Dave, I have never questioned your skill in chess. What I do question
is your inability to see that sharon and myself are two people living in
different countries letting yourself and others believe that I'm a cheat!
Sorry but the war isn't over yet...as much as everyone including myself
would like it to be.
Sure you can ignore this post and put your head in the sand hoping I
will go away. I won't and until the truth of who brought up posts over
six months old and accusations of of sharon and me being the same
person, which we are NOT, are disputed in this forum.
I have not put my head in the sand...I am right here.
I can't actually remember who brought that crap back into the
game..but their little ploy to make people think that I am paranoid
obviously did not work. Same as when babe tried it a long time ago.
Lisa...you on the other hand have alot more apologizing to do than I
when it comes to all of that crap. And you know what I am talking
about. I trusted in you...you left me out on that limb...and walked
away laughing..I have no forgiveness in my heart for you.
If you are in fact not babe then everyone knows that you two
conspired together along with agui..whatever the hell his name
is..about her pathetic and false rise to the top. This was proven awhile
back and you said nothing. I didn't even make that post and yet you
come to me now when I have not brought you back into this and ask
me to clear the things that you have done...I cannot and will not.

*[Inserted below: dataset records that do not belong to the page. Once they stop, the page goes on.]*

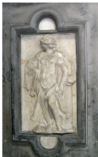
Vue de détail : bas-relief du pilastre gauche.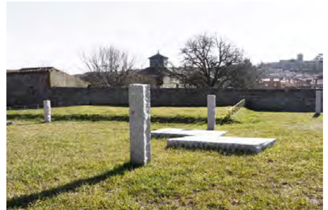
Figura 9. Jardín de Sefarad. Ávila. Vista general con la ciudad al fondo.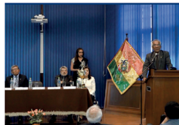
Der: Rector de la UMSS hace uso de la palabra durante el acto.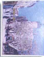
4 L'église et la place de Lardun au printemps 1944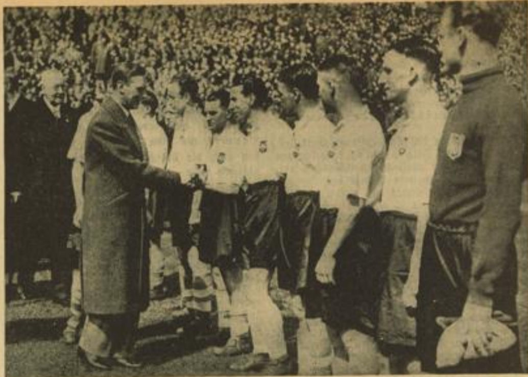
Der englische König, der mit der Königin dem Pokal-Endspiel beiwohnte, begrüßt vor Kampfbeginn die Mannschaft von Preston Northend...

Der Gau Baden hat jetzt auch die Spiele der ersten Hauptrunde um den Tschammerpokal am 8. Mai festgelegt.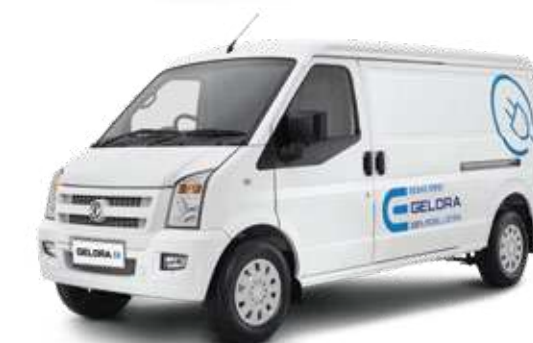
Gelora E - Blind Van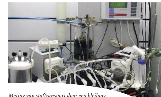
Meting van stoftransport door een kleilaag

een dichte kleilaag, bijvoorbeeld de afdichting van een slibdepot, kunnen ongewild water- en stoftransport gaan optreden door de kleilaag onder invloed van opgewekte chemische en elektrische potentiaalverschillen. Daardoor kan het depot gaan lekken. In dit onderzoek is experimenteel onderzoek gedaan: in het laboratorium met dunne kleiplakken in een zogeheten 'permeameter' en in het veld in ondiepe kleilagen en in zeer diepe, compacte kleipakketten ('Boomse klei') met behulp van piëzometers. Tevens is door bewerking van bestaande gegevens uit de literatuur nagegaan of door deze mechanismen inderdaad verontreinigingen uit een slibdepot zouden kunnen weglekken. Project 835.80.003, Chemically and electrically coupled transport in clayey soils and sediments. Projectleiders: Dr. J.P.G. Loch en Dr. R.J. Schotting, UU - Faculteit Geowetenschappen en Dr. H. Kooi, VU - Faculteit Aardwetenschappen. Looptijd: 2001 - 2005. Informatie: jpgl@geo.uu.nl .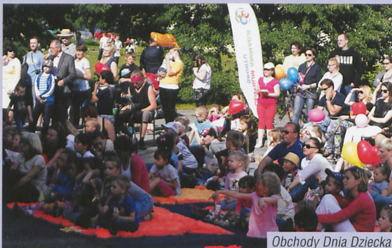
Obchody Dnia Dziecka

organizacja i promocja akcji i imprez miejskich: Dni Puszczykowa, Dzień Dziecka, Mikołajki, Projekt Uganda, Zostaw Podatek w Puszczykowie, akcja Wyrzucamy graty z chaty, kalendarz selekcjonera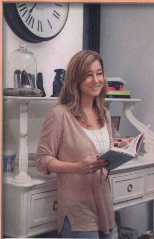
Realizada en M1 Calle de Nueva York. www.micadedenyes.com

Las Eaux de Diptyque son ocho fragancias de esta casa francesa que se dividen entre Florales y Hespérides . Eau de Lavande es una de ellas (64 €/50 ml).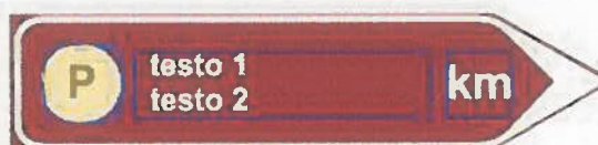
Fig 294 del Codice della strada svolta a destra

LOTTO 3. Realizzazione e gestione di una infrastruttura pubblica Wireless in tecnologia Wi-Fi da realizzare presso le piazze principali (n. 20) e le stazioni ferroviarie (n.7) e presso i beni di pregio (n. 15) di ogni Comune aderente al SAC Alta Murgia, per implementare l'accesso alle informazioni e garantire la connessione per almeno sei mesi al portale web di tourist Experience: http://www.visitparcoaltamurgia.it .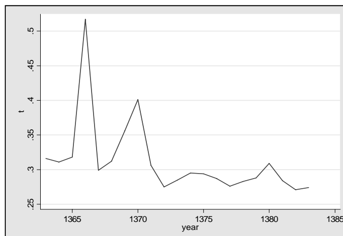
نمودار ۲: روند نابرابری در مناطق شهری با استفاده از شاخص تایل

در نمودار شماره ۳ روند نابرابری طی سال‌های ۸۳-۱۳۶۳ در مناطق شهری خلاصه شده است. در سال‌های ۶۵، ۷۰، ۶۶ به ترتیب بیشترین سطح نابرابری و در سال‌های ۸۳ و ۸۲ به ترتیب کمترین سطح‌های نابرابری دیده شده است. نتایج حاصل از برآورد شاخص آتکینسن طی سال‌های ۸۲-۱۳۶۳ در مناطق روستایی با استفاده از \epsilon (۱/۵، ۲/۷، ۳/۰، ۴/۰، ۵/۲) در جدول شماره ۲ خلاصه شده است. در 0 < \epsilon < 1 در روند نابرابری (مناطق روستایی) طی سال‌های ۸۲-۱۳۶۳ سازگاری وجود دارد. هرچه مقدار \epsilon بیشتر می‌شود مانند مناطق شهری، این سازگاری کمتر می‌گردد و روند نابرابری در \epsilon های بالاتر با هم متفاوت است. در جدول شماره ۲ نتایج حاصل از برآورد شاخص تایل و ضریب جینی در مناطق روستایی طی سال‌های ۸۲-۱۳۶۳ خلاصه شده است.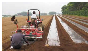
播種と同時にフィルムを張る様子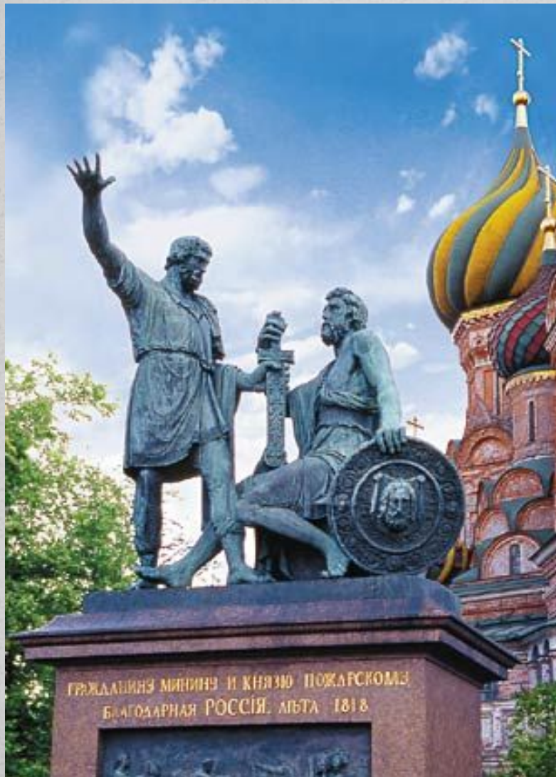
Скульптор И. П. Мартос

Октябрь 1611 г. – создание ополчения в Нижнем Новгороде под командованием Козьмы Минина и кн. Дмитрия Пожарского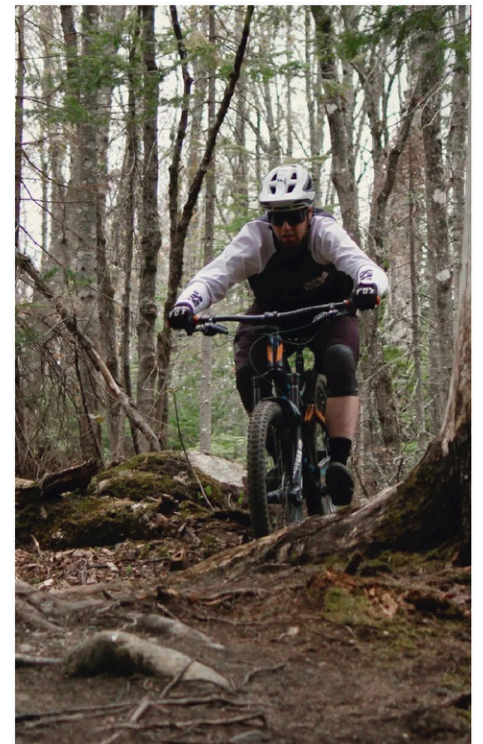
De nouveaux sentiers seront aménagés en vue de la prochaine saison.

Le secteur qui continuera d'être développé se trouve en hauteur au parc du Sommet, près des nouveaux sentiers. « Ce sera différent de ce que nous avons fait l'année dernière. Le parcours sera de niveaux intermédiaire et avancé. Il comprendra de plus gros modules. L'objectif est de diversifier notre clientèle. Pour le moment, nos sentiers sont davantage de forme cross-country, mais nous voulons en créer de type enduro avec des montées et des descentes de plus grande envergure. Nous n'avons pas de montagne comme à Adstock, mais nous essayons de développer le secteur qui est un peu plus pentu afin d'aller chercher d'autres adeptes. Dans notre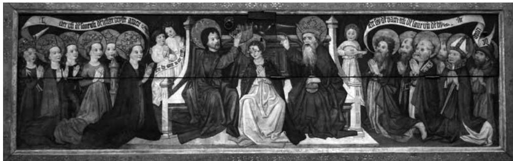
Il. 14. Predella Koronacji Marii przez Trójcę Świętą w otoczeniu świętych z retabulum fundacji balwierzy i cyrulików, około 1490, kościół Najświętszej Marii Panny, Gdańsk, fot. Paweł Wroniak

predell, gdyż pierwszej nie można otworzyć (brak klucza), natomiast dwie kolejne zaginęły 25 .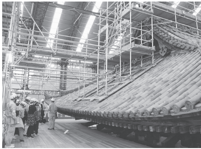
係員の解説を受ける見学者たち

仁王門は、正平3年(1348)の高師直軍により罹災後の康正2年(1456)、もしくは元弘3年(1333)の鎌倉幕府軍の攻撃による罹災後の延元3年(1339)頃に建立されたとされる境内最古の建造物。木造重層入母屋造り、本瓦葺、三間一戸の二重門で、棟高20・23メートル、軒高(初重)7・03メートル、13・105メートル。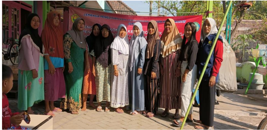
Gambar 7. Pelatihan Peningkatan Soft Skill Pembuatan Krupuk Kulit Lele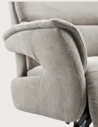
Arm 2 open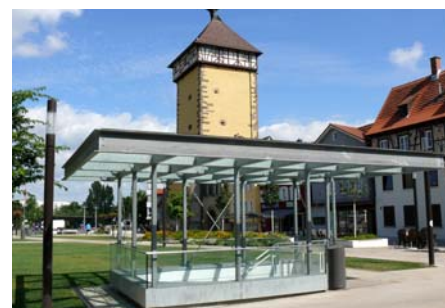
Der Treppenabgang zur Tiefgarage wurde ebenfalls modernisiert.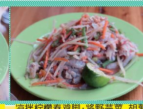
凉拌柠檬春鸡脚:将野茼蒿、胡萝卜丝、小米辣等食材捣鼓入味,最后挤上青柠提味。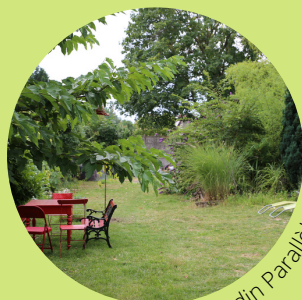
Le Jardin Parallèle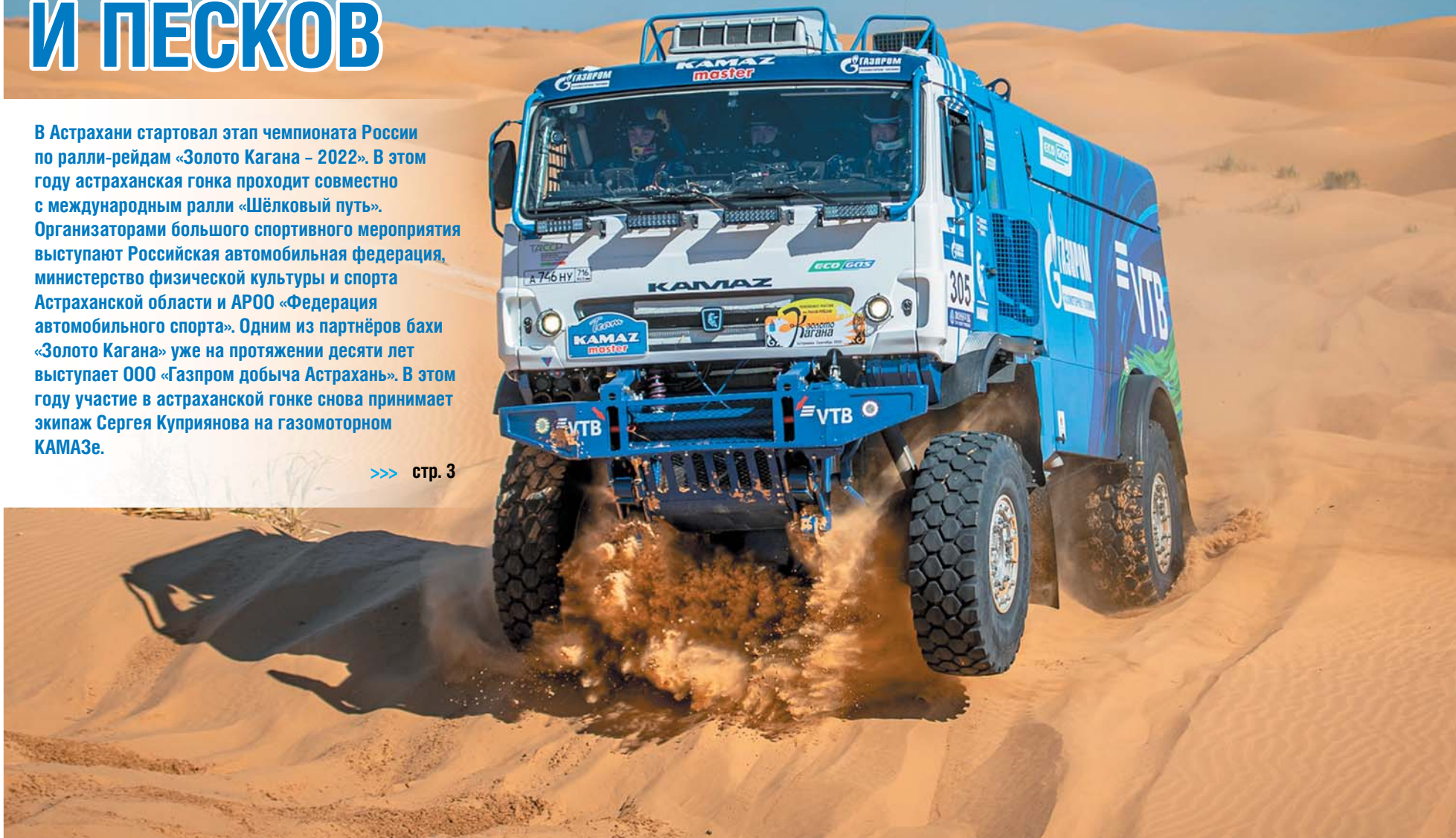
Экипаж Сергея Куприянова в астраханских песках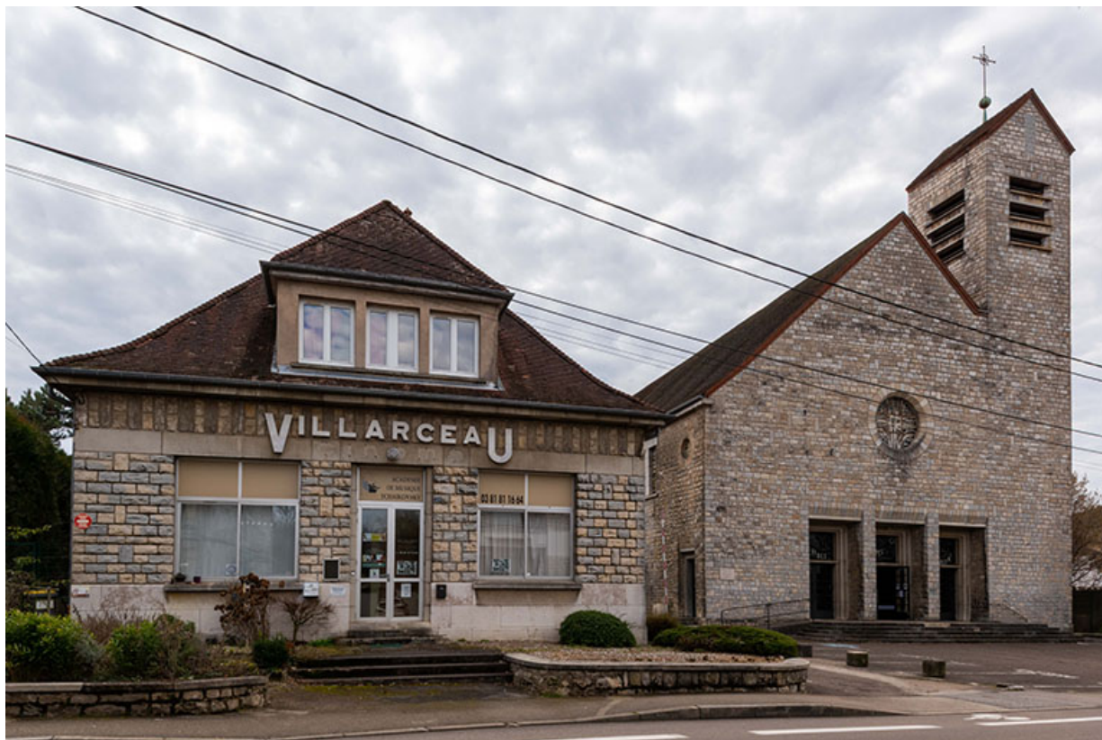
Façades nord de la maison des œuvres - cinéma Villarceau et de l'église Saint-Joseph.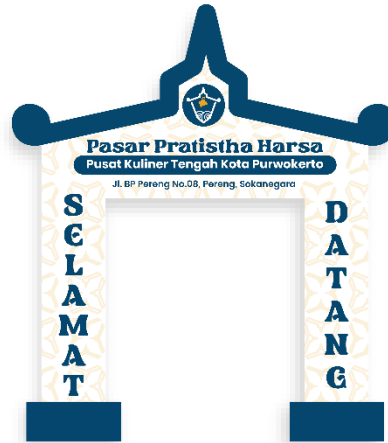
Gambar 5. 5 Gapura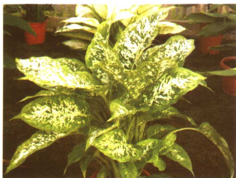
图 2-2-28 花叶万年青

My apology to lyn was sincere...to you I have nothing to offer.
Dave
Absolutely...but most women know that when we are sick we are the
worst people on the planet. Although I must say I did make breakfast
and lunch for everybody and did some dishes..and even got a little
chess in and alot of posting in obviously...but I am feeling pretty
crappy right now and might just lay down for the rest of the day...have
to work tomorrow...although now that I have primarily a desk job it's
not so bad..hehehe
Dave
Whether you have or not I could care less! It's NOT a ploy but the
truth.
Apologize for what Dave? I left you out on no limb. I have no
forgiveness either but pity for you Dave. When will you pull your head
out of your a$$?
Sincerity you know nothing of and nothing was proven except the
thoughts of some overactive minds such as yours! I do agree it was
pathetic her rise to the top by cheating but sorry Dave there wasn't
some deep dark conspiracy by me.
I have done nothing but play chess here. No ploys against anyone or
along with sharon.
When you mention my nickname or real name which is Lisa not
Sharon, you have brought me back into the midst of things.
It will be long cold day beofre I apologize for something I did NOT do.
Friends know who I am and what I'm about and you haven't a clue.